### WHAT THIS TASK INVOLVES
Repeat, exactly as they appear, the lines from the one with "- از منوی تنظیمات" through the last line of the entries below, but none of the pictures.

MATERIAL TO PROCESS Start Marker

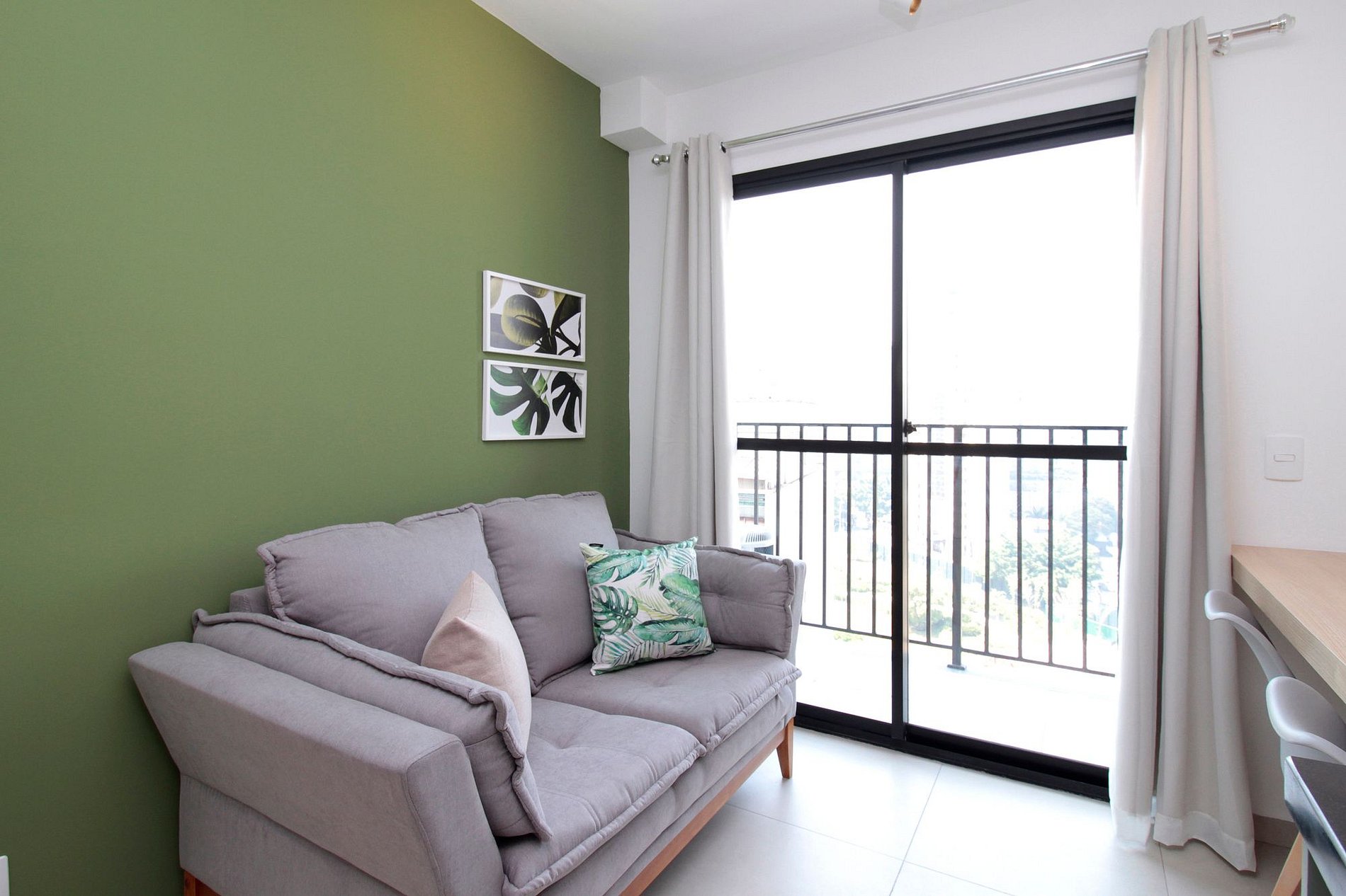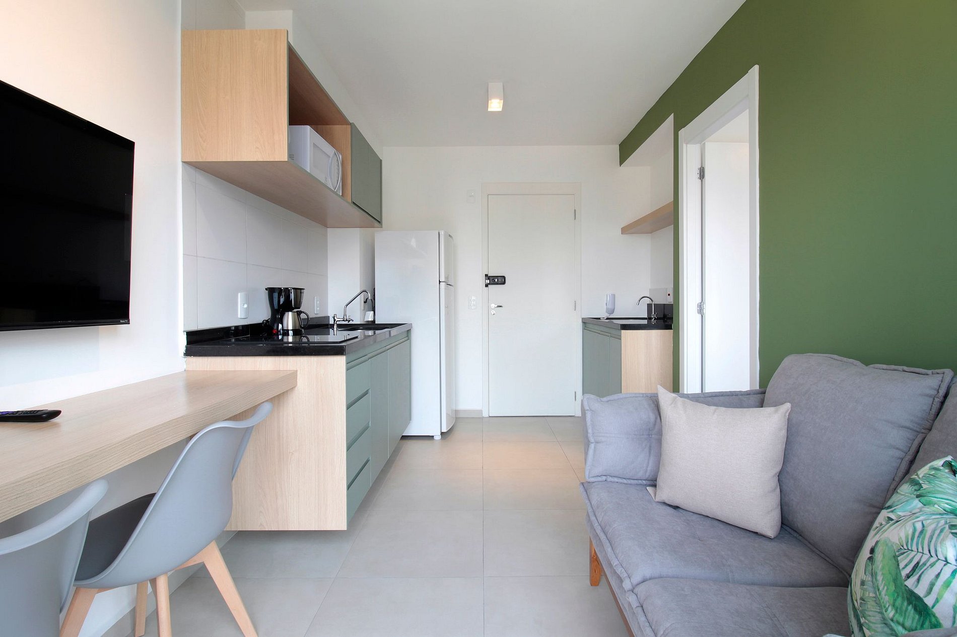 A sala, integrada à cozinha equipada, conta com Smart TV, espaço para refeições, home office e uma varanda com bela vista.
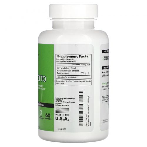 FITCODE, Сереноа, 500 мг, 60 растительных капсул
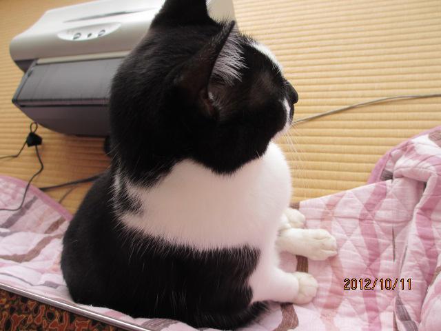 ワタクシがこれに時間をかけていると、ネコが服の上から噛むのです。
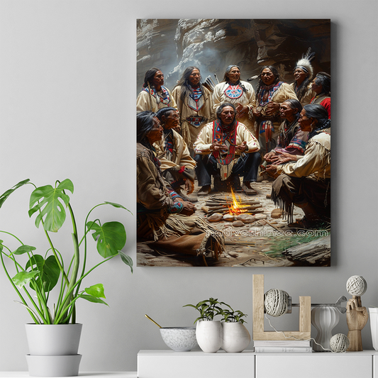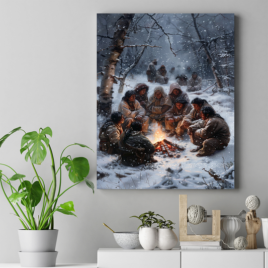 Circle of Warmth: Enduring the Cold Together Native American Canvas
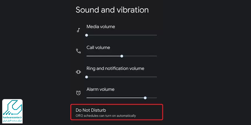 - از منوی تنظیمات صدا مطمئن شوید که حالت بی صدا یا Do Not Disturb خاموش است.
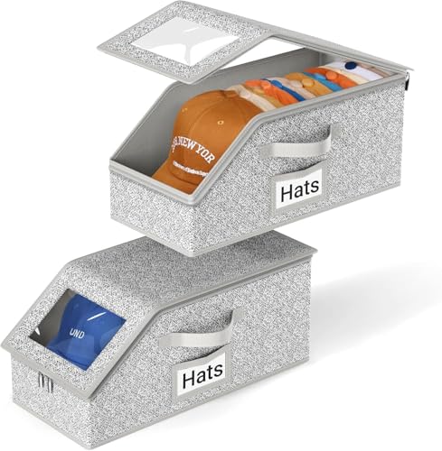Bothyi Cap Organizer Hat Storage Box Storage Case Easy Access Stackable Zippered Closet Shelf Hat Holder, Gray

MATERIAL TO PROCESS End Marker

### EXPECTED OUTPUT
 - از منوی تنظیمات صدا مطمئن شوید که حالت بی صدا یا Do Not Disturb خاموش است.
Bothyi Cap Organizer Hat Storage Box Storage Case Easy Access Stackable Zippered Closet Shelf Hat Holder, Gray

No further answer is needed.